Possible error: seed not working with unet learner

@muellerzr I have tried it. However, after loading a saved model lr_find is showing a different plot each time that I execute the cell.

@WaterKnight see Sylvain’s response here:

Why would two runs give the same plot? LR Finder runs a mock training that has some randomness + the head of the model is randomly initialized. Unless you go out of your way to set the seeds before the two runs, you won’t get the same graphs/suggestions exactly.

Along with this you should probably re-seed between each call to lr_find as well to be safe. Also please do not make duplicate topics.

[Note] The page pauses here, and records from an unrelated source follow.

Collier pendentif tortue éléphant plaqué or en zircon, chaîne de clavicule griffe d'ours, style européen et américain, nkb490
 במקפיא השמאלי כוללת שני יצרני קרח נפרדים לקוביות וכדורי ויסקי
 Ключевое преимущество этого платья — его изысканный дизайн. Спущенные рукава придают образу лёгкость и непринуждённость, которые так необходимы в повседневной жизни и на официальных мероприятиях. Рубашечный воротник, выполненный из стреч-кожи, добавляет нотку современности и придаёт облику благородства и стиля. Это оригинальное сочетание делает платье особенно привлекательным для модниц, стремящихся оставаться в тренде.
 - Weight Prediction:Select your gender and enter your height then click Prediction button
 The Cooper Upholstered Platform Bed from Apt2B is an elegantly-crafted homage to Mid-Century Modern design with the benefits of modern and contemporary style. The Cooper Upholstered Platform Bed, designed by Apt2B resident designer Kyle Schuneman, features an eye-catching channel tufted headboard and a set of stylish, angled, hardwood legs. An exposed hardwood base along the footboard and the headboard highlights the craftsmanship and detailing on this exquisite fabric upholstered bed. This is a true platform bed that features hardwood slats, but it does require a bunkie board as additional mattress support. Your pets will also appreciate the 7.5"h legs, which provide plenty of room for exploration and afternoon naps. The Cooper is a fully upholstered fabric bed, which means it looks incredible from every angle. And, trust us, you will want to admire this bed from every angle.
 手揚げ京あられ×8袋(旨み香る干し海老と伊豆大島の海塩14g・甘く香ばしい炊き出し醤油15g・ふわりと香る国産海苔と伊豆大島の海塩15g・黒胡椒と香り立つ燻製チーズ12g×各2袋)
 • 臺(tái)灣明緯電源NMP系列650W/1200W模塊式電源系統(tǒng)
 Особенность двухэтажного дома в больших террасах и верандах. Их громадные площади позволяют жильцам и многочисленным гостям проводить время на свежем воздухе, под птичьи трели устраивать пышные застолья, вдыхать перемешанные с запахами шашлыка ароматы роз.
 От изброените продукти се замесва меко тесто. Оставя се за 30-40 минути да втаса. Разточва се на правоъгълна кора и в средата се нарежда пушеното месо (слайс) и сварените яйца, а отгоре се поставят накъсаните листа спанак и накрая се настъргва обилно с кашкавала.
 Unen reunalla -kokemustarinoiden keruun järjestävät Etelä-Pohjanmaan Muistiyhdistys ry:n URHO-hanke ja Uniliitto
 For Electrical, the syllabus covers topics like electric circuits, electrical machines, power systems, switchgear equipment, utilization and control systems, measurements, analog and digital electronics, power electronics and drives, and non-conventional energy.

We’re not ignoring it, we are trying to figure it out ourselves.

Sorry, my bad.

Even if the model is loaded previously, it adds some randomness to it??

You are just throwing two lines of codes without explaining to us what you are doing, so we are replying the best we can. You said you are creating a unet_learner (that where the random part is added) then running lr_find (which is random anyway).

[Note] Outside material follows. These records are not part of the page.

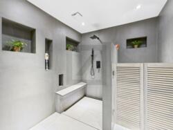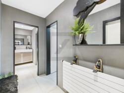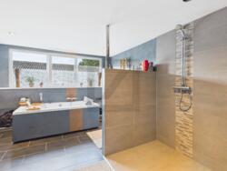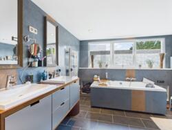 • Luxe daglichtbad in het hoofdgebouw (dubbele wastafel, ligbad, moderne armaturen) plus een eigen wellness-gedeelte met sauna.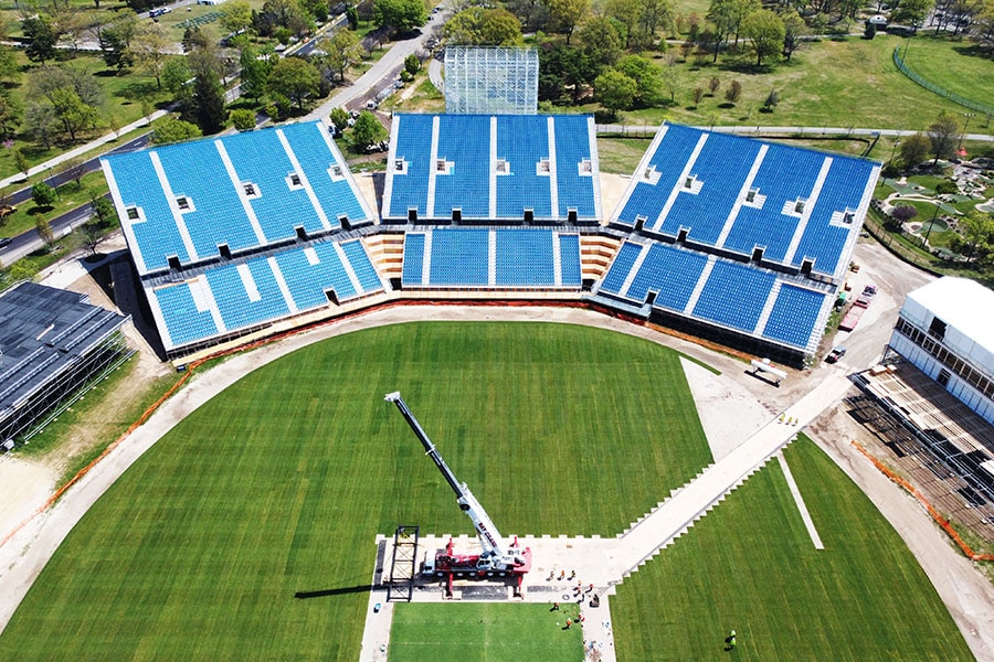 The pitch being laid at the Nassau County International Cricket Stadium under construction in Eisenhower Park in East Meadow, New York, ahead of the ICC Men"s T20 World Cup 2024.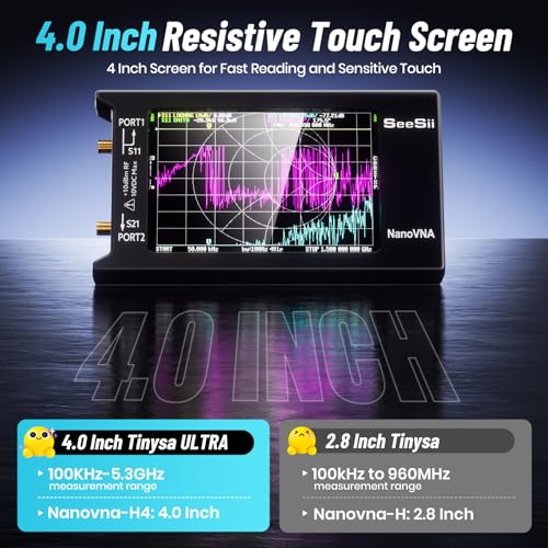 • UPGRADED NANOVNA ANALYZER: SeeSii Nanovna-h4 Vector Network Analyzer is developed by Hugen. With the latest 4.4 version,9KHz-1.5GHz measure range,4.0 inch LCD touchscreen, mini and portable design. This Antenna Analyzer is provides outstanding vector network measurement capabilities and perfect for evaluating antenna resonance and SWR. It is a very handy & smart analyzer for electronics engineers, amateur radio operators, or radio diy amateurs
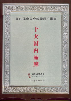 普傳科技榮獲“第四屆中國(guó)變頻器用戶滿意十大品牌”稱號(hào)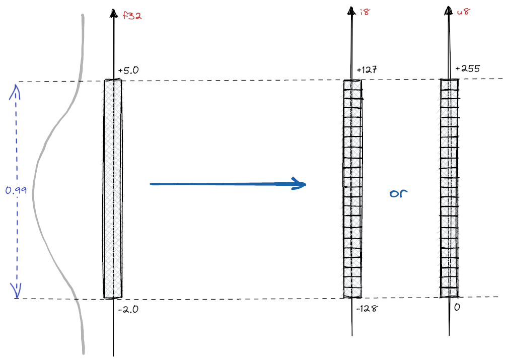 We use a scalar quantization process to convert the float32 embeddings into int8. This involves mapping the continuous range of float32 values to the discrete set of int8 values, which can represent 256 distinct levels (from -128 to 127), as shown in the image below. This is done by using a large calibration dataset of embeddings. We compute the range of these embeddings, i.e., the min and max of each embedding dimension. From there, we calculate the steps (buckets) to categorize each value.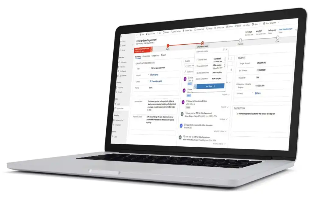 Met Dynamics 365 Sales beheren verkopers accounts en contactpersonen, volgen ze verkooptrajecten van prospect tot order op en onderhouden ze klantrelaties, inclusief klachtenopvolging. Dankzij inzichten kunnen ze gerichter werken en sneller deals sluiten.

The base algorithm to train model is called SGD and S is for stochastic. You should never expect to always get the same results because of that.

To get two identical runs, follow the lines of codes I have given in the topic linked. They have been confirmed to work.

1 Like

This is what I am doing.

manual = DataBlock(blocks=(ImageBlock, MaskBlock(codes)),
                   get_items=partial(get_image_files,folders=[manual_name,test_name]),
                   get_y=get_y_fn,
                   splitter=FuncSplitter(ParentSplitter),
                   item_tfms=Resize((size,size)),
                   batch_tfms=Normalize.from_stats(*imagenet_stats)
                  )
dls = manual.dataloaders(path_images,bs=bs)

learn = unet_learner(dls, resnet34, metrics=[Dice(),JaccardCoeff()],wd=1e-2,
                     pretrained=True,normalize=True).to_fp16()

learn.load("stage-1")

learn.lr_find() 

Sorry, didn’t want to make you angry :disappointed_relieved: :disappointed_relieved: :disappointed_relieved:. Okey, I understand that SGB not makes results reproducibles.

However, I was just trying that my notebooks were fully reproducible owing to the fact that is for my final degree project.

Just add those three lines at the beginning:

set_seed(42)
torch.backends.cudnn.deterministic = True
torch.backends.cudnn.benchmark = False

I tested on code using CAMVID (since I don’t have your dataset) and got the exact same results twice in a row (graph + suggestions).

Make sure you are on fastai’s master with an editable install since the bug behind this was fixed yesterday only.

Thank you very much.

From what package is set_seed()???

set_seed(42)
torch.backends.cudnn.deterministic = True
torch.backends.cudnn.benchmark = False

I was using the function listed above for setting the seed:

I am installing fastai 2 with pip like this:
pip install git+https://github.com/fastai/fastai2

What do you mean by editable install?

That is the editable install (what you were doing I think). For the set_seed functionality see the torch_core module:

No set_seed comes from the torch_core module.

1 Like

Ah my bad, fixed the above link :slight_smile: thanks

What is the meaning of that??

A quick look at the FAQ for this forum will explain it:

The exact method he mentions is the GCP instructions, however the pip install of the git repository will do the same thing, as I mentioned just a minute ago.

Sorry, my english is bad!

In Learner base class the default value is Adam.

Is unet_learner using SGD instead of Adam?

No all Learners default to Adam

Looks like unet_learner does by default!

https://dev.fast.ai/vision.learner#unet_learner

I am still seeing strange things that I don´t understand.

This first model was trained with fit_once_cycle(10, slice(1e-5,1e-4)):
imagen

This second model was trained with fit_once_cycle(20, slice(1e-5,1e-4)):
imagen

Why they aren´t the same losses??? Looks like number of epoch is afecting the results. I have looked into the code of fit_one_cycle and doesn´t look that it affects.

If you change the number of epochs, the schedule of the learning rate is not the same, hence the different losses. See the doc of one cycle for more information (GitHub pages are down so I can’t point the docs directly, sorry).

ohhhh, it is an interesting behaviour that didn´t know. Good to know! With doc you mean dev.fast.ai?

I have executed a notebook of a week ago after updating fastai2 and I am getting different plots and errors!!! Has been any important update to fastai 2?